Tom Midge of Finland today altertered casaninja’s Nun Alert status from Full Habit down to Mini Skirt. The system of warnings is designed to alert Ninja’s of a possible need to access sudio time in the middle of the night. Last night’s Nun Alert level was prompted by sound engineering that went on until past 2:00 AM. Tonight’s reduction to Mini Skirt, a level designated to mean that it would be all right to go ahead and invite the UC Cheerleading tea over for an all-night orgy, came about because the project is basically done and the sound engineer expects to be tired tonight.
The system was recently instated to ensure better warning and communication between Ninjas who wish to use the bed area and Ninjas who wish to use studio space late at night. Critics have blasted the system, calling it overly complicated and claiming that the very name “homoland security” is problematic and possibly biphobic. Tom Midge of Finland defended the system, pointing out that naked women appaear twice in his collected comics, thus demonstrating his committment to bisexual inclusion. He went on to state that he expected to have to raise the Nun Alert to Pantsuit some time within the next two weeks as intelligence indicated that other deadlines are fast approaching and late time studio access may become necessary.
The four levels of Nun Alert are:

  • Full Habit: The studio will be in use past bed time.
  • Pantsuit: The studio may be in use past bedtime. Be alert and on gaurd, but continue to consume and go about your businiess.
  • Miniskirt: The studio will not be in use. Feel free to invite over the UC cheerleading team.
  • Leather Suit: The studio-users expect to be able to use the bed area with you!

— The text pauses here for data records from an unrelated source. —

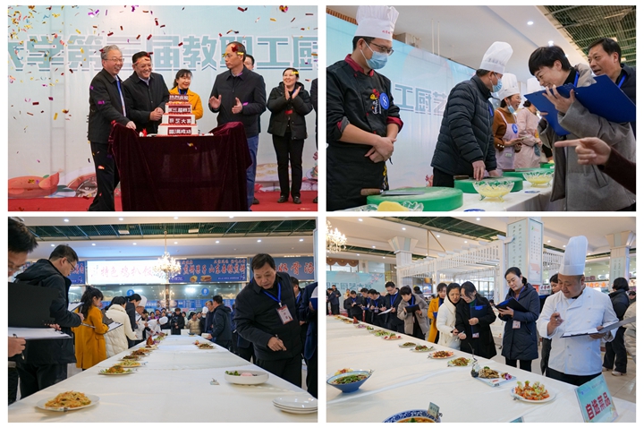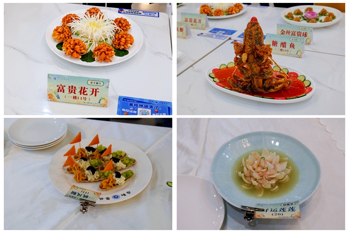 比赛开始,队员们换上厨师围裙,戴上厨师帽,瞬间化身为技艺精湛的大厨,各参赛队伍大展身手,煎、炒、烹、炸,十八般厨艺齐上阵,纷纷拿出自己的看家本领。从精美的雕花摆盘到创意十足的菜品搭配,每一个细节都展现出教职工们对美食独特的理解与热爱。剁椒鱼头、板栗烧子鸡、锦上添花、开卷有益、紫气东来……一盘盘色香味俱全的美味佳肴陆续出炉,色泽鲜艳,香气扑鼻,令人垂涎欲滴,引得在场观众阵阵赞叹。同时,本届厨艺大赛还设置了厨艺展示环节,餐厅厨师现场展示了花样甩面、果蔬卡通包制作,以及菊花豆腐和土豆丝的刀工展示,充分展现了后勤大厨们的精湛厨艺。活动间隙,礼仪操表演、歌舞《不忘初心》、笛子合奏《牧场欢歌》、歌伴舞《一路都是歌》等文艺节目也纷纷呈现,赢得在场师生的阵阵喝彩。活动设置的抽奖环节,更是将现场气氛推向高潮。同时,由各餐厅精心推出的创意特色菜品的展示,更是让评委和现场的观众赞不绝口。经过紧张激烈的角逐,评委们根据菜品的色、香、味、形以及创意等多个方面进行综合评分,最终,创新创业学院获得“刀工比赛一等奖”,物电学院、后勤保障部、离退休处获得二等奖,外国语学院、机关工会3队、应急学院、继续教育学院、利莫瑞克国际学院、数信学院获得三等奖。机关2队获得“炒菜比赛一等奖”,医学院、创新创业学院、资源环境学院获得二等奖,资产公司、物电学院、机关1队、后勤保障部、软件学院、机关3队获得三等奖。创新创业学院获得“团体一等奖”,机关2队、后勤保障部、物电学院获得二等奖,应急学院、医学院、机关1队、资产公司、机关3队、工商学院获得三等奖。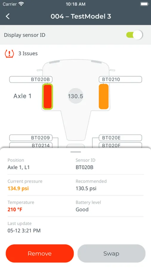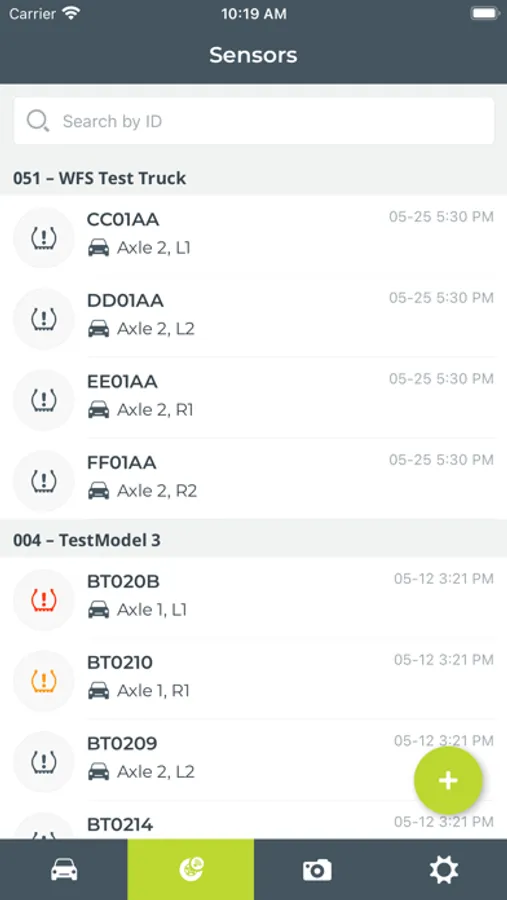 TPMS Tools also shows which vehicles in your fleet currently have TPMS issues. This enables a tyre dealer or workshop technician to take proactive action and/or easily identify vehicles that require attention during a routine inspection.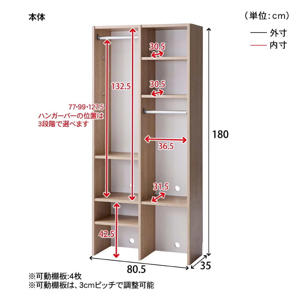 ■本体(2列)/幅80.5、奥行35、高さ180cm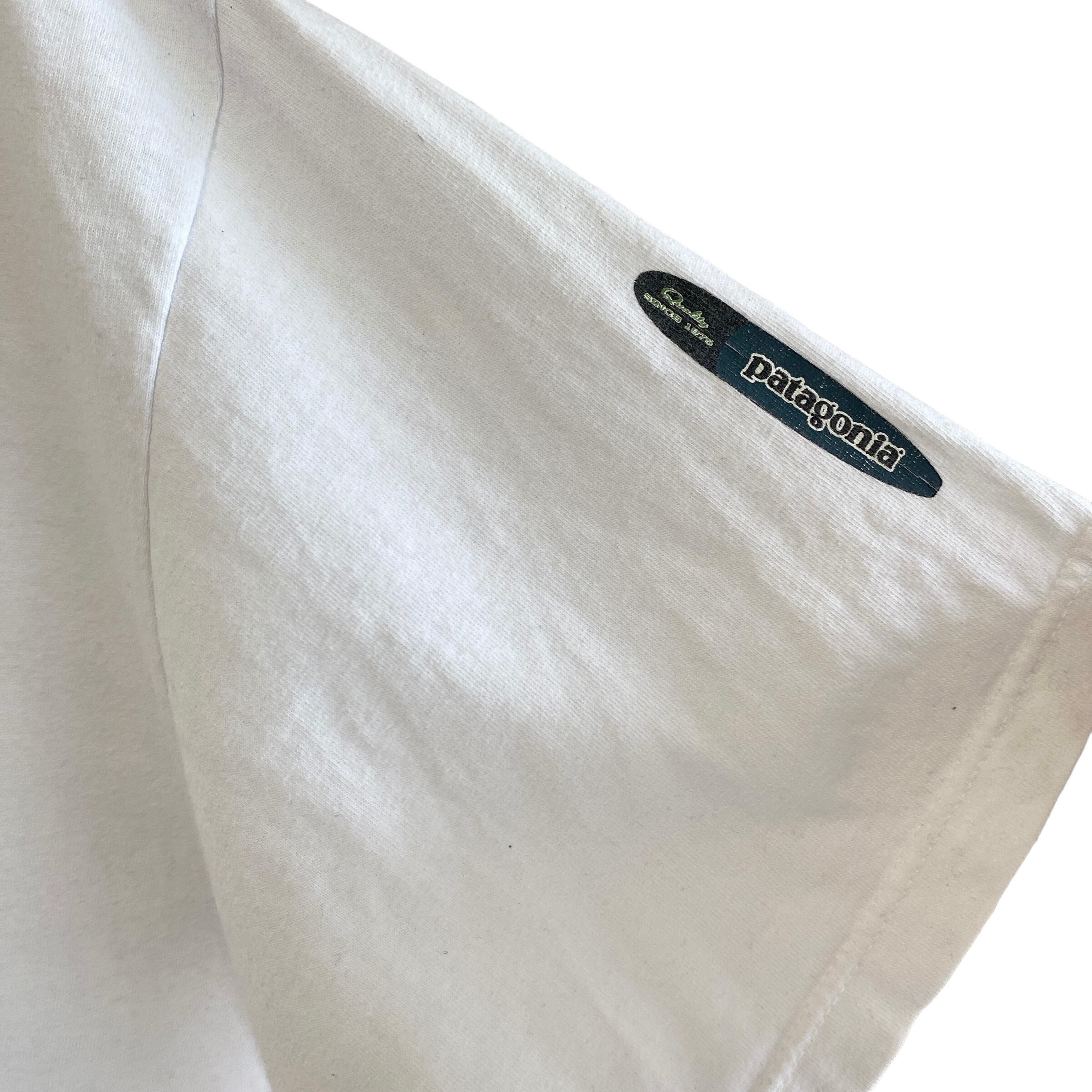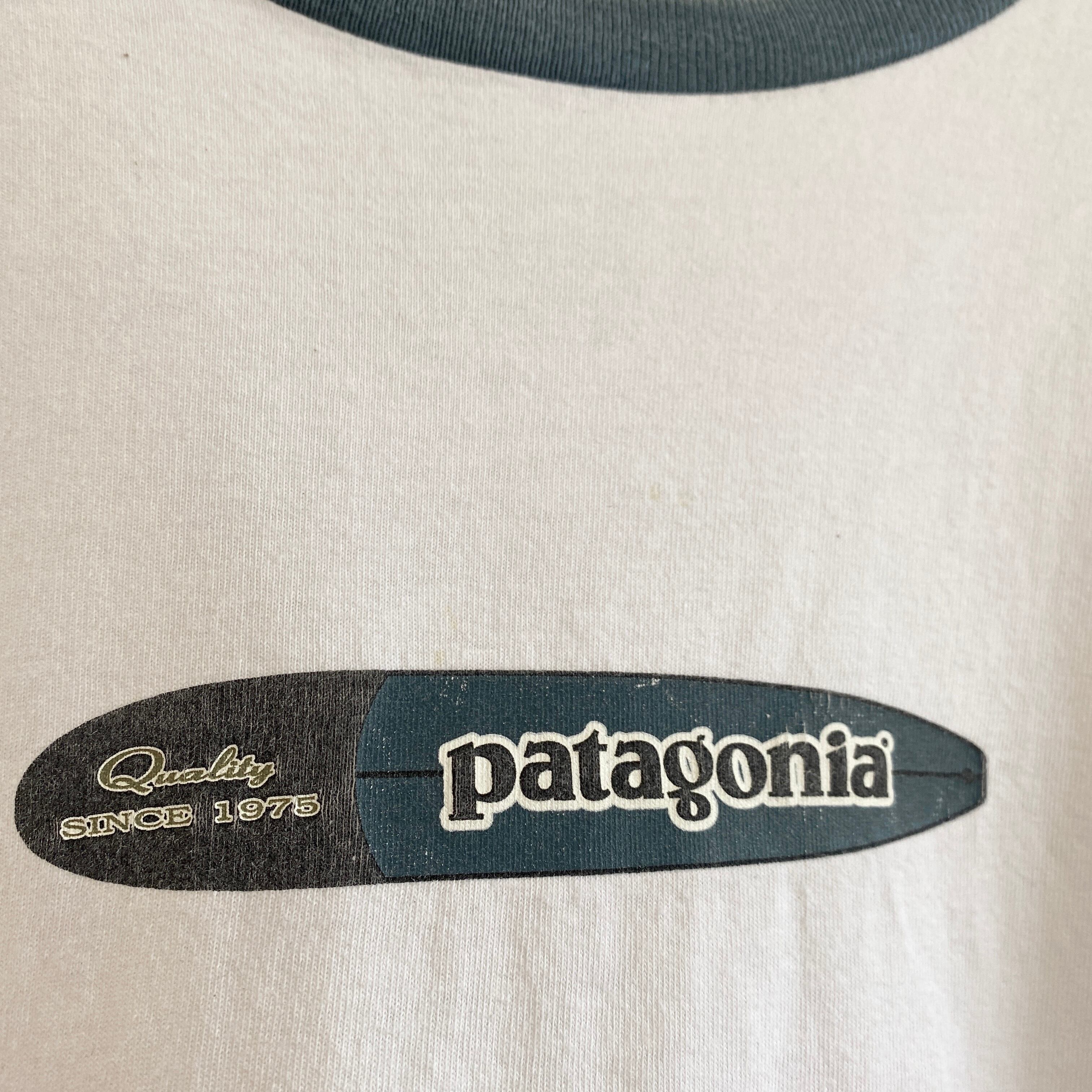 1990年代頃のアメリカ製「パタゴニア」BENEFICAL T'SロゴプリントリンガーTシャツになります。

The Free-associative Press contributed to this report.

Press Quotes

The folks at Jack Straw asked us for a critic/press quote so they can promote our gig in Seattle. Christi asked Charles Amirkhanian and he said, “…pithy and predatory, yet powerfully pleasurable.”
Apparently, predatory is a good thing.
This is all normal stuff for real composers, but it’s very exciting right now, cuz I’ve never done it bofore.